There are certain herbs that have been shown to relax the mind and body and reduce stress. In fact, we specifically formulated an herbal tea at citron, "Stress Tea" to enjoy before or after your service for this reason. Our herbal tea contains ashwaganda, lemon balm, peppermint, and chamomile.



 

4.     Spa Therapies

 

Our facials and body treatments are wellness and relaxation focused, including stress relieving massage, steamed towel compresses, healing touch, and customized aromatherapy. These techniques help stimulate the parasympathetic nervous system, relax muscles, and calm the mind.

 

The infrared sauna has 6 different wellness programs including “Relaxation” which uses far, mid, and near infrared rays induce deep relaxation as they relieve muscle tension at a low, comfortable intensity promoting overall stress reduction with regular use.



 

5.     Meditation


The relaxation response achieved through meditation has many benefits including reducing the body's metabolism, decreasing heart rate, breathing rate, and blood pressure, reducing muscle tension, and calming brain activity. It also helps improve the attention span and immune response.
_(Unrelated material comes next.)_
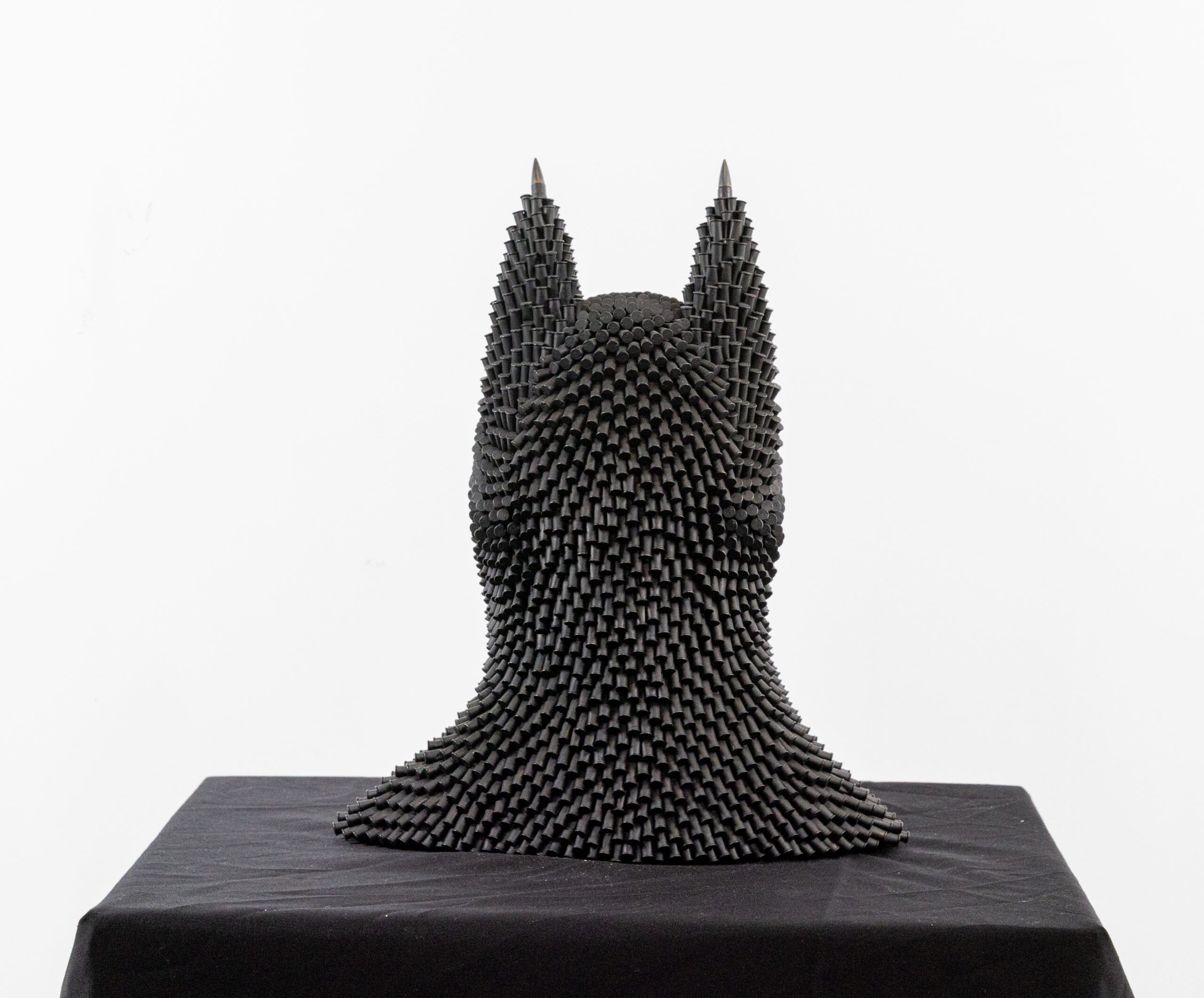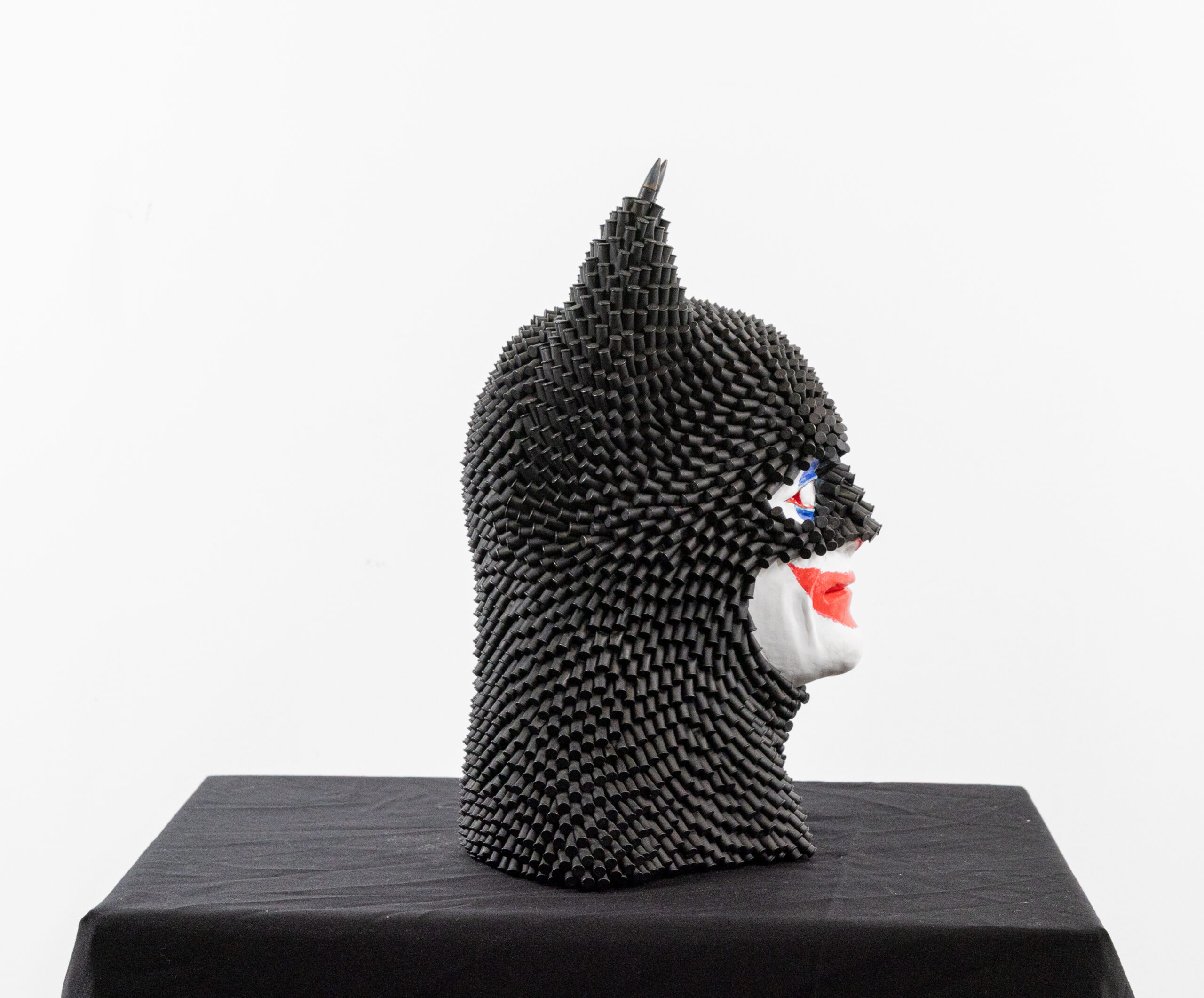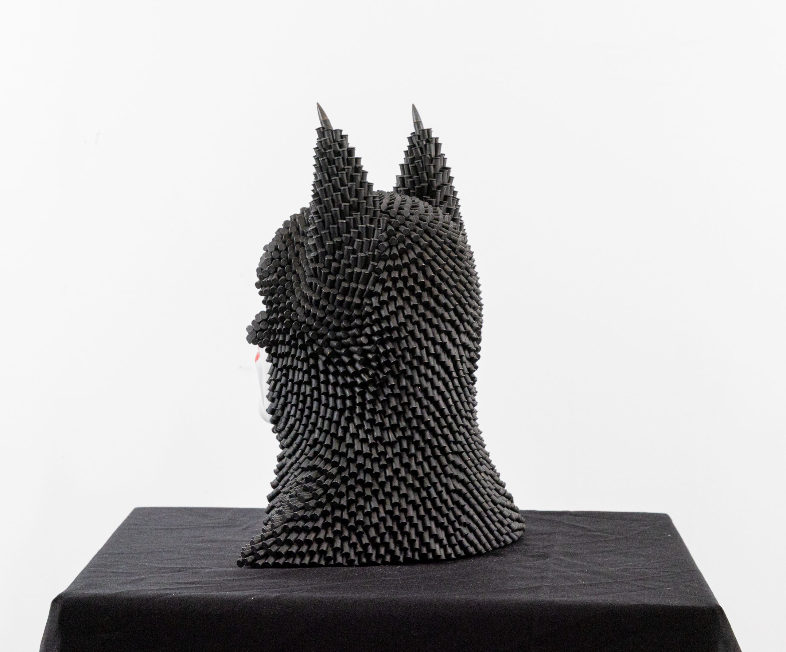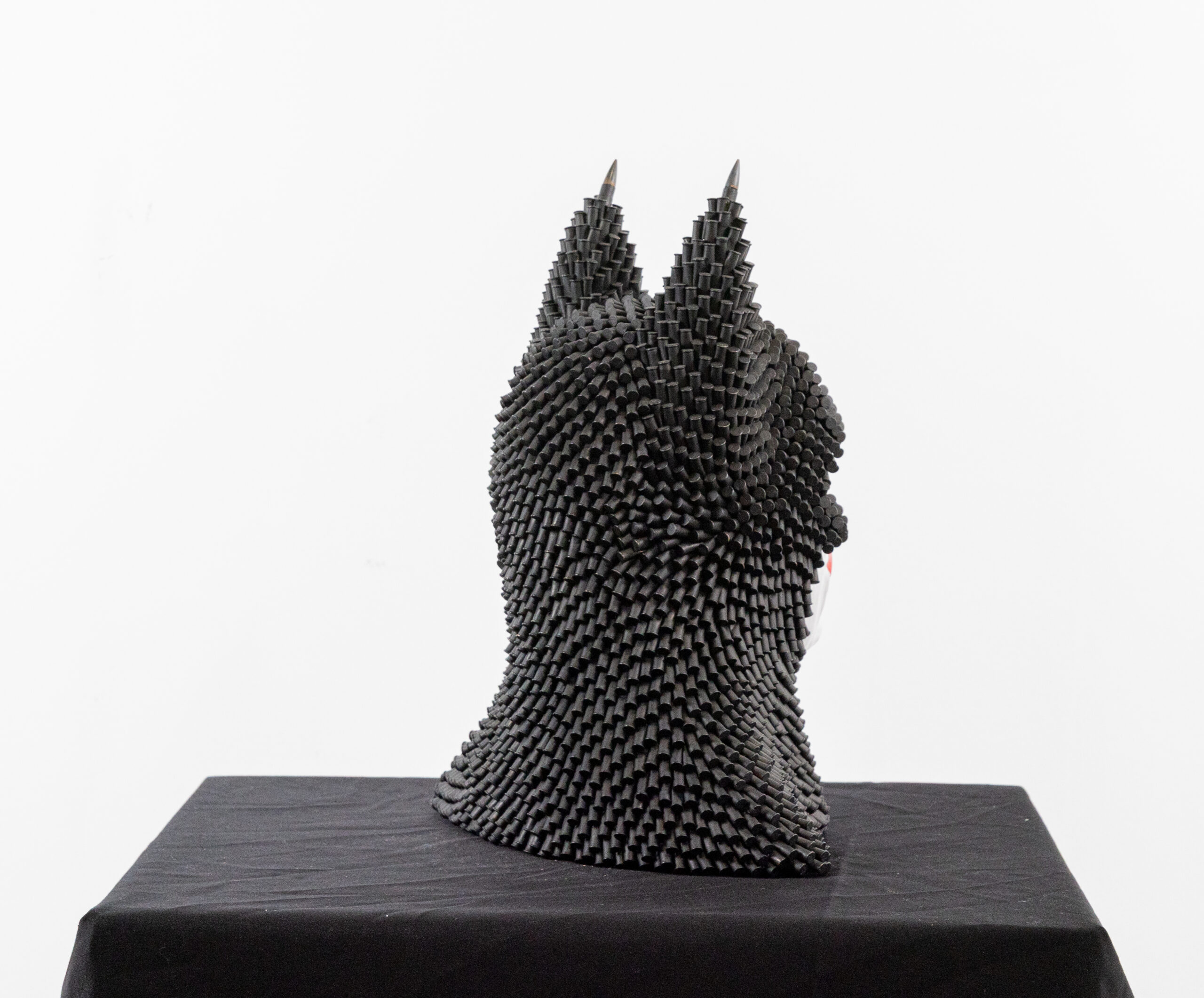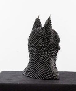Constructed from recycled bullets and hand-shaped clay, the sculpture plays with contrasts—hard versus soft, destruction versus creation. The use of reclaimed ammunition adds a raw, industrial edge, while the clay introduces human touch and fragility.

Meditating twice a day for 10-20 minutes each session is a great place to start. Simply find a comfortable seated position with good posture and focus on your breath. When a thought arises, gently but firmly bring your attention back to your breath. Do not try to stop your thoughts, the goal is to simply be aware of them and refocus your attention on your breath instead of the thought itself.

 

6.    Breathing techniques

Breathing techniques are also a simple way to induce relaxation and have been shown to reduce the physical symptoms of depression and anxiety as well as emotional responses of anger and nervousness.


Deep Breathing Exercise

I like to do this deep breathing exercise in the shower or a steam bath or even just laying in bed before I get up for the day.


·       Step 1: Breathe in through the nose for a count of 4. 

·       Step 2: Hold breath for a count of 4. 

·       Step 3: Breath out for a count of 4. 

·       Step 4: Hold breath for a count of 4.